Table 4. Brain areas showing greater activation associated with pauses during L2 English than L1 Japanese and vice versa

Notes. For each area, the coordinates (x, y, z) of the activation peak in MNI space, peak t-value and size of the activated cluster in number (k) of voxels (2 × 2 × 2 mm3) are shown for all subjects (n = 20). The threshold was set at p < .05 FWE-correction with the cluster-level.

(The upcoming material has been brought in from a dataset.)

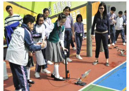
六年級學生：發射水火箭需要什麼工具呢？

同學感到開心的，還有家教會親子大旅行，當日約八百名家長、學生、老師、校友同往大棠渡假營，雖因天氣不太穩定，營地只能開放部份設施，但親子共行，享受與家人相處最可貴。我想起專欄作家陳惜姿女士的一篇文章〈理想的旅行〉，大意是說家人為高昂的旅遊消費到處格價，但一輪功夫後，發現孩子認為最難忘的旅行回憶，原來是一次郊遊中大伙兒在大屋裏玩捉迷藏的片段。她發現，孩子還小的時候，再精緻的民宿、再巍峨的山嶺，還不及和喜歡的人同在，只要能和玩伴一起，有一個寬闊的空間，去哪裏反而沒那麼重要。她說自己被孩子這個答案擊倒了！有一句話很真實：‘The Best Present is Presence!’(同在是最好的禮物)。真的，在這個忙碌、疏離的世代，沒有什麼比真心付出時間相伴更能表達愛意和關懷。見到很多家長與孩子把握機會好好聊天、沿途說說笑笑，更有很多家長花心思拍照參加「溫馨親子造型大賽」，我相信大家已給了孩子最好的了！

Figure 2. Greater activation in the precentral and postcentral gyri for pauses in L2 English compared to L1 Japanese (L2 English > L1 Japanese), identified via whole-brain analysis. The activation profiles show the mean percent signal change for each condition: EM = English mid-clause, EE = English end-clause, JM = Japanese mid-clause, JE = Japanese end-clause. Error bars represent the standard error of the mean (SEM).

Figure 3. Greater activation in the mPFC and right insula during pauses in L1 Japanese compared to L2 English (L1 Japanese > L2 English), as revealed by whole-brain analysis. The activation profiles show the mean percent signal change for each condition: EM = English mid-clause, EE = English end-clause, JM = Japanese mid-clause, JE = Japanese end-clause. Error bars represent the standard error of the mean (SEM).

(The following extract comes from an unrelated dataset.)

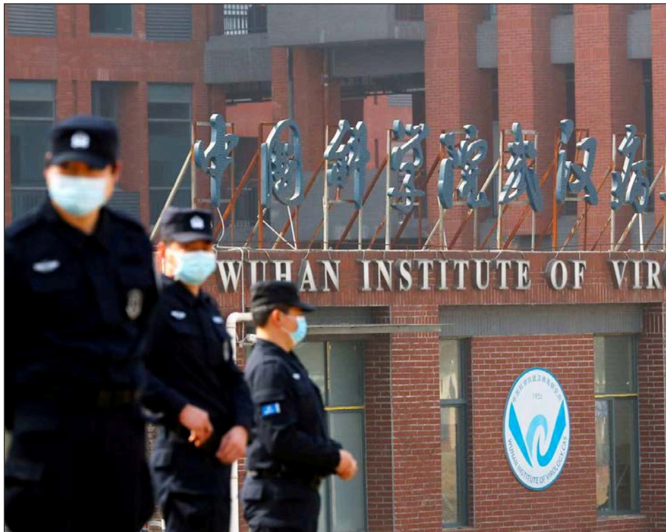
▲ El virus habría escapado accidentalmente del Instituto de Virología de Wuhan .

El equipo llegó el 14 de enero a la ciudad de Wuhan, considerada como la ciudad epicentro de la pandemia, y, tras dos semanas de cuarentena, visitó lugares como el mercado mayorista de mariscos de Huanan, donde se produjo el primer grupo de infecciones conocido, así como el Instituto de Virología de Wuhan.

Regarding the main effect for pause location, as shown in Table 5 and illustrated in Figure 4, pauses at end-clause locations showed increased activation in the precuneus, extending into the posterior cingulate cortex, irrespective of the language used. In contrast, mid-clause pauses, when compared to end-clauses, did not elicit significantly greater activation at the whole-brain level. Because no significant interaction was found in the whole-brain analysis, subsequent ROI analyses were conducted to examine this interaction in predefined language-related regions with greater statistical sensitivity.

Table 5. Brain areas exhibiting differential activation between pauses at end- and mid-clause pause locations

Notes. For each area, the coordinates (x, y, z) of the activation peak in MNI space, peak t-value and size of the activated cluster in number (k) of voxels (2 × 2 × 2 mm3) are shown for all subjects (n = 20). The threshold was set at p < .05 FWE-correction with the cluster-level.

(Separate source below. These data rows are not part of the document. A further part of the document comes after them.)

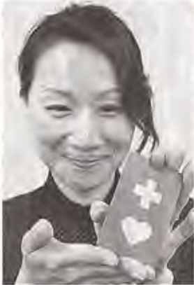
市役所などで配布を開始したヘルプカード ＝浜松市役所

浜松市は5日、外見からでは分からない障害や病気のある人が援助や配慮を必要としていることを周囲に知らせる「ヘルプマーク」の配布を市役所などで始めた。 ヘルプマークは東京都が作成し、全国に広まりつつある。人工関節や義足、内部疾患、発達障害、妊娠初期な 浜松市では、外部から個人情報が見えにくい形で、より細かな情報を記入できる市独自の「ヘルプカード」導入も検討中で、関係機関と調整を進めている。 (浜松総局・青島英治)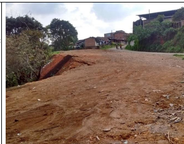
Fotografía 2. Predio donde se ejecutará el proyecto.

Ubicación del Lote: El lote en el cual se desarrollará el proyecto corresponde al predio con matrícula inmobiliaria No. 120-222390 de la Oficina de instrumentos Públicos de Popayán, con área disponible de 7.826 m 2 propiedad del municipio de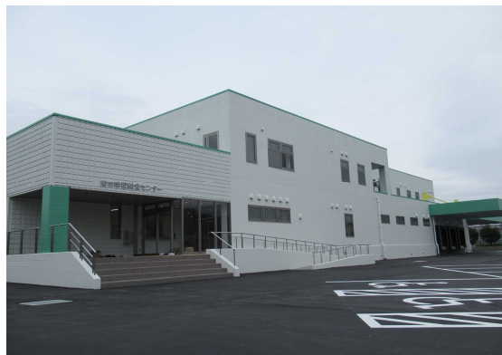
関市学校給食センター

Figure 4. Greater activation in the precuneus during pauses at end-clause positions compared to mid-clause positions (End-clause > Mid-clause), as revealed by whole-brain analysis. The activation profiles represent the mean percent signal change for each condition: EM = English mid-clause, EE = English end-clause, JM = Japanese mid-clause, JE = Japanese end-clause. Error bars indicate the standard error of the mean (SEM).

6.4. ROI analyses

Unlike the whole-brain analysis, the ROI-based analyses, focusing on the left IFG and AG, revealed significant interactions between language and pause position. That is, we identified region-specific effects, revealing distinct neural mechanisms for mid- and end-clause pausing in L1 versus L2 speech (see Figure 5).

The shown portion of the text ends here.